Tests edge cases, boundary conditions, and common misconceptions for equations and inequalities.

UT-1: Rational Inequality with Sign Flipping

Question:

Solve the inequality:

$\frac{x^2 - 3x + 2}{x^2 + x - 6} \geq 0$

State your answer using set notation, clearly identifying all excluded values.

[Difficulty: hard. Tests the common error of cross-multiplying without considering sign changes of the denominator.]

Solution:

Step 1: Factorise numerator and denominator.

Numerator: $x^2 - 3x + 2 = (x-1)(x-2)$.

Denominator: $x^2 + x - 6 = (x+3)(x-2)$.

Step 2: Identify critical values and excluded points.

Critical values (where numerator or denominator is zero): $x = -3, 1, 2$.

Excluded value: $x = 2$ (makes denominator zero).

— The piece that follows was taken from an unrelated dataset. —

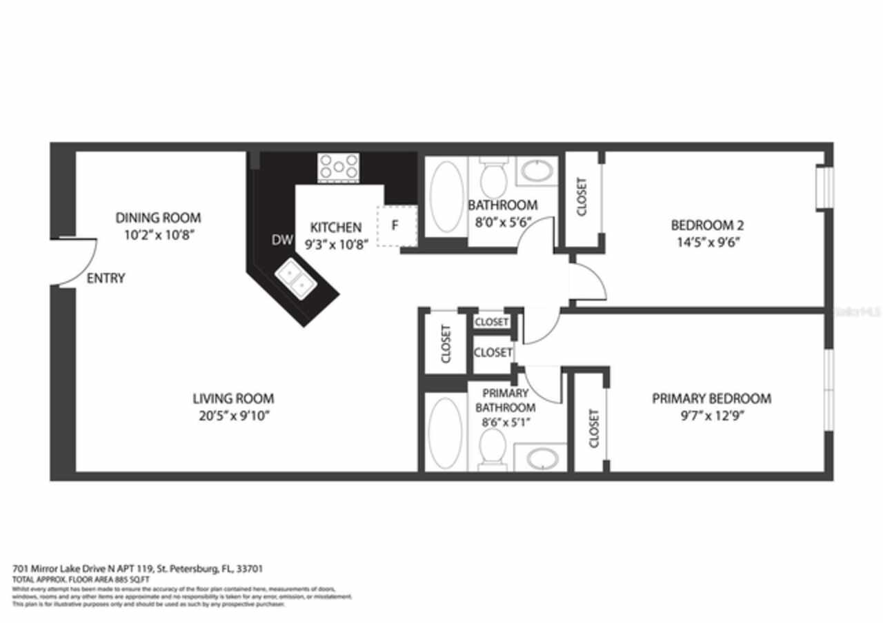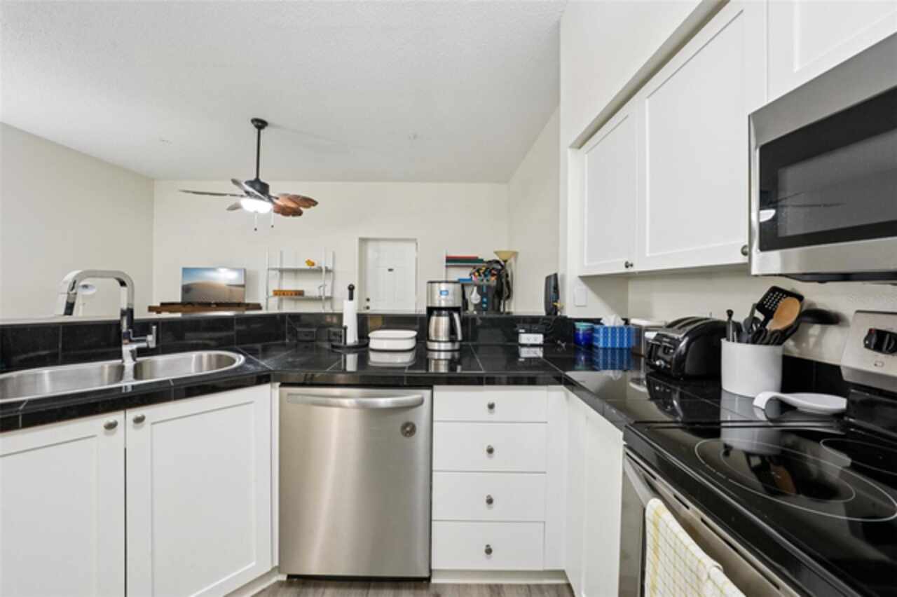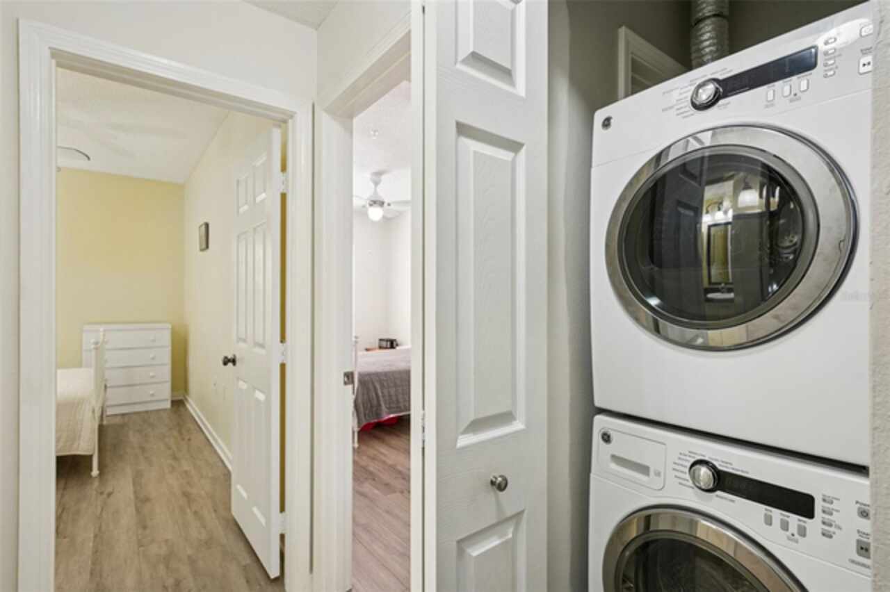 Located in the old St. Pete High School building on Mirror Lake, you'll be only a few blocks from downtown St. Pete and bustling Central Ave while also in a serene, quiet unit. On the first floor, your reserved parking space is only yards from your door. The building is located at the entrance to I-175 so you can be on I-275 in seconds, to the beaches in 20 minutes, or to TPA in 30. This building isn't in a flood zone, hasn't been evacuated for a hurricane, and electricity outages are minimal. The stylish kitchen features white cabinetry, sleek black granite countertops, a bar-height breakfast area, and stainless steel appliances. Stacked washer/dryer in the unit. Recent plumbing updates include new fixtures in both bathrooms and showers, a whole-house sediment filter, a water descaler, a water shut-off valve, and a new water heater (2023). Enjoy a lovely pool which is heated in the winter. HOA fees include Spectrum internet and basic cable. Schedule your showing today!

Also $x = -3$ is excluded.

Step 3: Determine the sign of the expression in each interval.

$\frac{(x-1)(x-2)}{(x+3)(x-2)} = \frac{(x-1)(x-2)}{(x+3)(x-2)}$

For $x \neq 2$, we can cancel $(x-2)$ but must remember the sign changes. Instead, analyse using a sign table:

Interval	$(x+3)$	$(x-1)$	$(x-2)$	Expression
$x < -3$	$-$	$-$	$-$	$(-)(-)/(-)(-) = +/+$ but $(x-2)$ appears twice: overall $(-)(-)/((-)(-)) = +/+$

Let me be more careful. The expression is $\frac{(x-1)(x-2)}{(x+3)(x-2)}$.

Sign analysis:

$x$	$(x+3)$	$(x-1)$	$(x-2)$	Numerator	Denominator	Ratio
$x < -3$	$-$	$-$	$-$	$+$	$+$	$+$
$-3 < x < 1$	$+$	$-$	$-$	$+$	$-$	$-$
$1 < x < 2$	$+$	$+$	$-$	$-$	$-$	$+$
$x > 2$	$+$	$+$	$+$	$+$	$+$	$+$

Step 4: Include or exclude endpoints.

• $x = -3$: excluded (denominator zero)
• $x = 1$: included (numerator zero, expression equals zero, and $\geq 0$ is satisfied)
• $x = 2$: excluded (denominator zero, and the expression is undefined here)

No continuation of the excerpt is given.